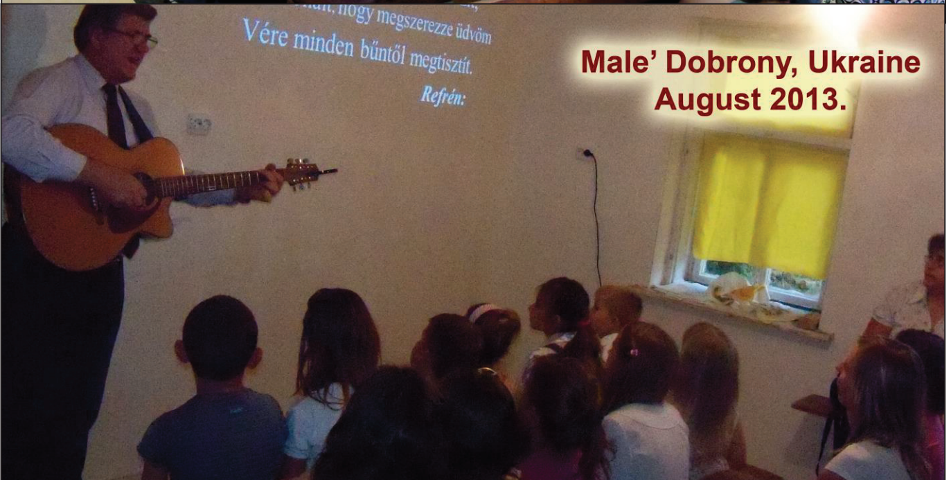
Male' Dobrony, Ukraine August 2013.
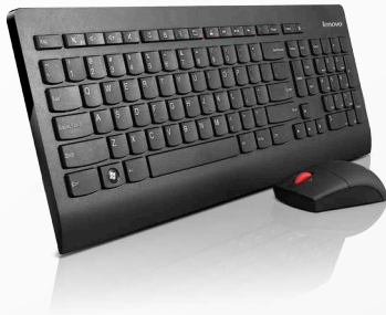
Lenovo® Ultraslim Wireless Keyboard and Mouse Combo (0A34032)
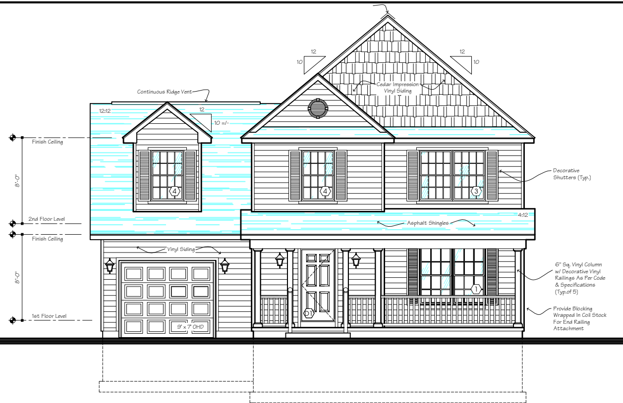
A2.1 Front Elevation
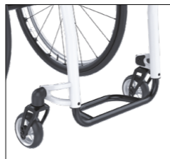
Height adjustable D style footplate
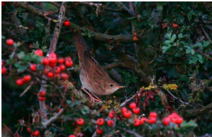
Grasshopper Warbler at Abbotscliffe (Dale Gibson)

A north-westerly on the 12 th produced a Pied Flycatcher, a Redstart, a Tree Pipit, a Yellow Wagtail, a Willow Warbler, 2 Reed Warblers, 2 Lesser Whitethroats and 8 Chiffchaffs at Samphire Hoe, a Redstart, 2 Spotted Flycatchers, 3 Buzzards, 8 Wheatears, 9 Yellow Wagtails and 15 Chiffchaffs at Capel-le-Ferne Gun Site, and a Lesser Whitethroat, 3 Whinchats and 5 Wheatears along Princes Parade, Hythe. A Lapland Bunting was found in the gully at Abbotscliffe on the 13 th (where it remained until the 18 th ) and a Redstart, 2 Wheatears, 2 Blackcaps, 2 Whitethroats, 3 Yellow Wagtails, 12 Chiffchaffs and around 100 Meadow Pipits were also seen, whilst 500 Swallows flew west.
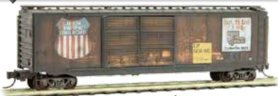
N Union Pacific® #034 44 090...$27.75
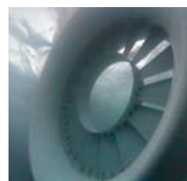
Nova Scotia Power's technology partner is OpenHydro.
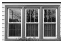
Energy Efficient Replacement Windows
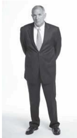
Fig. 39 Sometimes called the “regal stance,” arms behind the back mean “don’t draw near.” You see royalty using this behavior to keep people at a distance.

imitated and transmitted to the next generation.
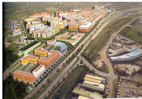
Figure: 3 Bride City Concept

The Bridge City project was initiated to directly address the issue of buffer zones that physically separated residential areas of different races leaving them with poor access to socio-economic facilities under apartheid spatial planning in South African cities. The Bridge City uses the buffer zone to develop a new town centre for integration. It is located 17 kilometers in the North West of the Durban city centre connecting the townships of Phoenix (predominantly an Indian residential area during apartheid) and Inanda, Ntuzuma and KwaMhashu (INK)(mainly black residences during apartheid) Figure 3. The municipality of Durban also noted that it will be a catalyst for economic growth and the empowerment of surrounding communities by improving their access to public transport and opportunities to work, travel, shop and do business within the INK area, via a symbiotic relationship between the public and private sectors. Thus foster the integration of the divided spatial form and creating mixed use residential area for use races.
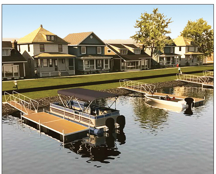
ODNR Shoreline Rendering

Docks will be floating and each home may have one. They will not be attached to the dam, but require a cat-walk from the wall to the dock for the residents to get to their docks. The entire surface, except for the visitors path will be grass. It is to be maintained by ODNR. It is clean and empty. No trees, no flowers, no docks, no tables or picnic area.
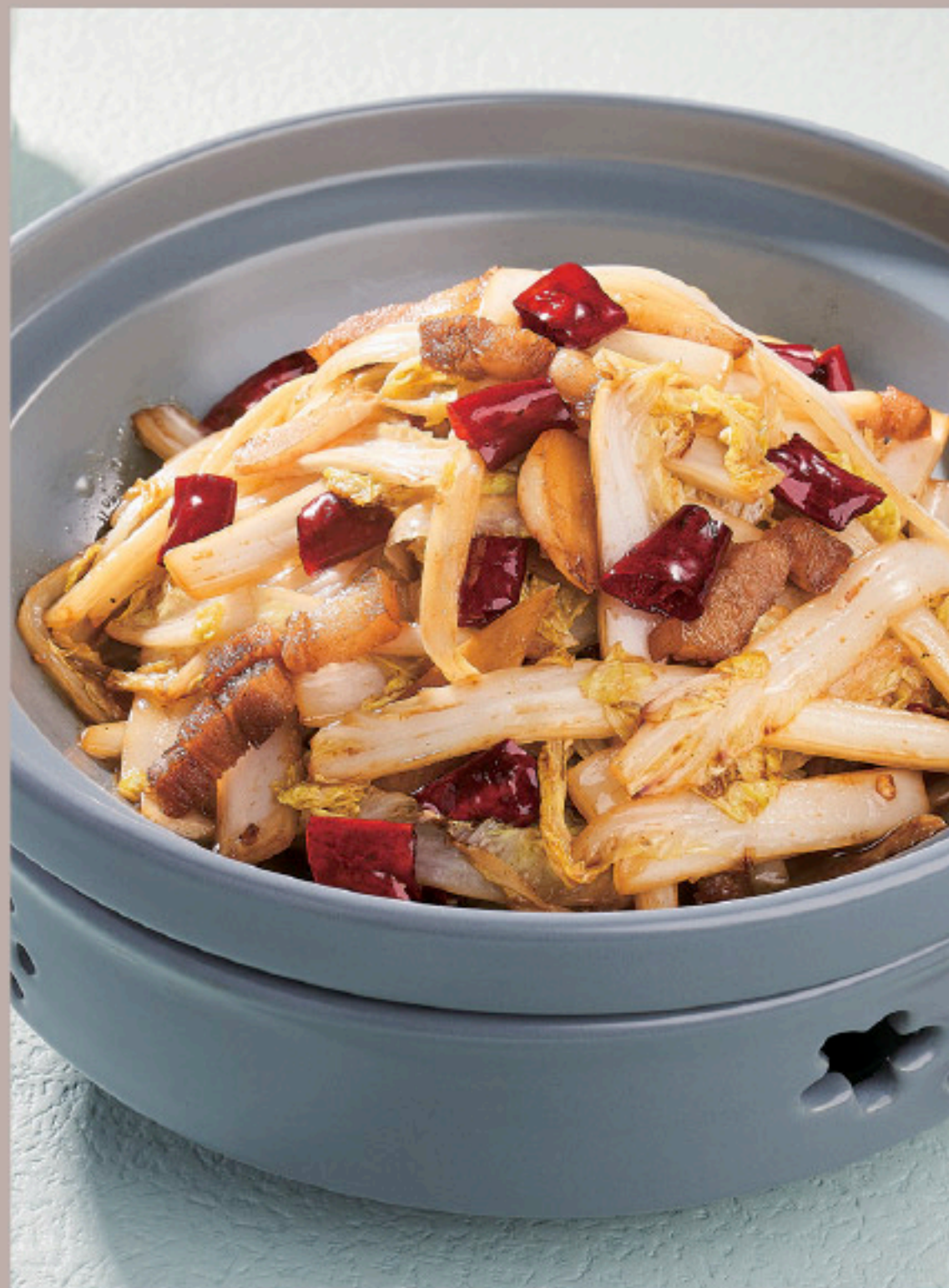
酸辣娃娃菜 Stir-fried Baby Cabbage with Pork and Chili
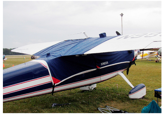
Cessna 195 Canopy Cover, extended forward and over gas caps Cessna 195 Canopy Cover, extended forward and over gas caps
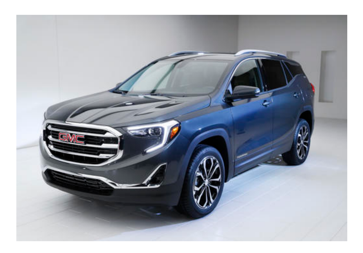
The 2018 GMC Terrain debuts at the North American International Auto Show in Detroit, Sunday, Jan. 8, 2017.
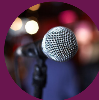
Sound System with Wireless Microphone
· · · · ·
WHAT YOU WILL DO: When you reach the line with "Nova Scotia Power's" in the records above, begin repeating the lines exactly, and stop after the line with "Figure: 3 Bride City Concept". Skip all pictures.

SOLUTION FOR THIS PROBLEM:
Nova Scotia Power's technology partner is OpenHydro.
Energy Efficient Replacement Windows
Fig. 39 Sometimes called the “regal stance,” arms behind the back mean “don’t draw near.” You see royalty using this behavior to keep people at a distance.

imitated and transmitted to the next generation.
Figure: 3 Bride City Concept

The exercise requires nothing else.